Maize (Zea mays L.) grain yield have increased during the last decades. A recent review  indicated genetic grain yield gains of 74 to 123 kg ha-1 year-1 for different time periods between 1930 and 2001, in the US corn belt, Argentina and Brazil [2-6]. Current reviews on the physiological processes associated with those yield increments have been focused on US corn belt hybrids and maize hybrids of Ontario, Canada [e.g. 1; 7; 8]. As such, grain yield increments were associated mainly with an increased kernel number, a consistently improved stay green, and a longer period of grain fill. Those reviews agreed on that harvest index (HI; i.e. the relationship between grain yield and final shoot biomass) did not consistently change over time; in contrast, HI of Argentinean maize hybrids have increased during the 1960-1990 period [9; 10]. This review will be focused on the ecophysiological mechanisms contributing to the greater yield in modern than in older maize hybrids; with particular interest in Argentinean maize hybrids because they have shown a distinctive trait change over the years (i.e. HI increment).

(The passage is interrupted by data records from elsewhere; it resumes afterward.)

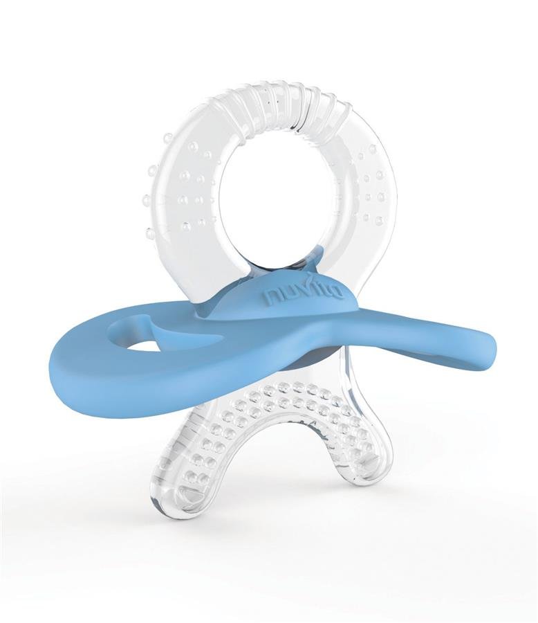 Гризун прорізувач Nuvita NV7003COOLBLUE блакитного кольору виготовлений з безпечного м'якого силікону та гуми. Підходить для початкового періоду прорізування зубів. Велика масажна поверхню з 3D-текстурою знімає свербіж і м'яко впливає на запалені ясна без ризику їх пошкодження. Завдяки схожою на пустушку формі, малюкам гризун зручно тримати і гризти. Не містить шкідливих речовин.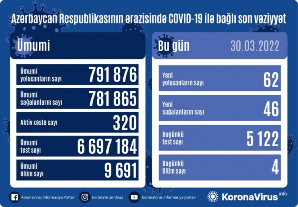 62 new cases of coronavirus infection have been recorded in Azerbaijan, while 46 patients have been recovered, the Task Force under the Cabinet of Ministers told AZERTAC.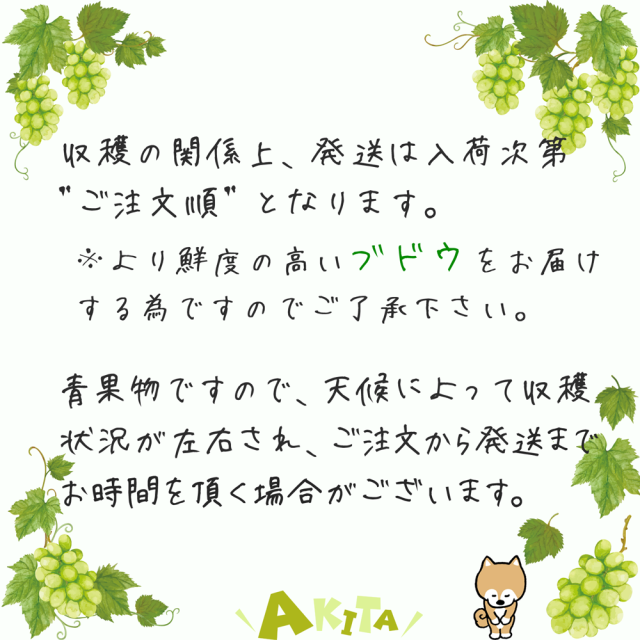 商品説明: ◆商品名:秋田県産ぶどう「シャインマスカット」JA秋田ふるさと JA秋田おばこ ◆商品内容:700g×2房 JA(産地)は指定できません。 ◆発送:クール便 ※収穫の関係上、入荷次第順次発送となります。 ◆出荷期間:9月中旬~10月下旬を予定 ◆化粧箱外寸:幅34×奥行25×高さ14cm

Grain yield can be expressed as the product between shoot biomass and harvest index. In Argentina, harvest index was increased while shoot biomass was not consistently increased over the years during the period 1965-1993 . As such, HI increased from 0.41 to 0.52 in maize crops growing under optimal conditions . The increased harvest index was associated mainly to a greater increase in grain yield numerical components (i.e. kernel number and/or kernel weight) than in shoot biomass. On the contrary, shoot biomass has increased while harvest index have remained constant in maize hybrids released in Canada and the US in different decades [1; 12]. Most of the shoot biomass accumulation increments in those hybrids, occurred during the grain-filling period [13; 14]; and they were mainly associated with an increased capacity of maintaining higher leaf photosynthetic rate of green leaf area (i.e., functional “stay green”) during the grain-filling period [15-17]. The next sections will review the main processes influencing grain yield numerical components determination (i.e. kernel number and kernel weight) and their changes in Argentinean maize hybrids released in different decades. Implications on stress tolerance and resource use efficiency will be also discussed.
Kernel number is the main yield component accounting for grain yield increments over the years [18; 19]. Figure 1 illustrates a conceptual framework of the main processes contributing to kernel number determination in maize.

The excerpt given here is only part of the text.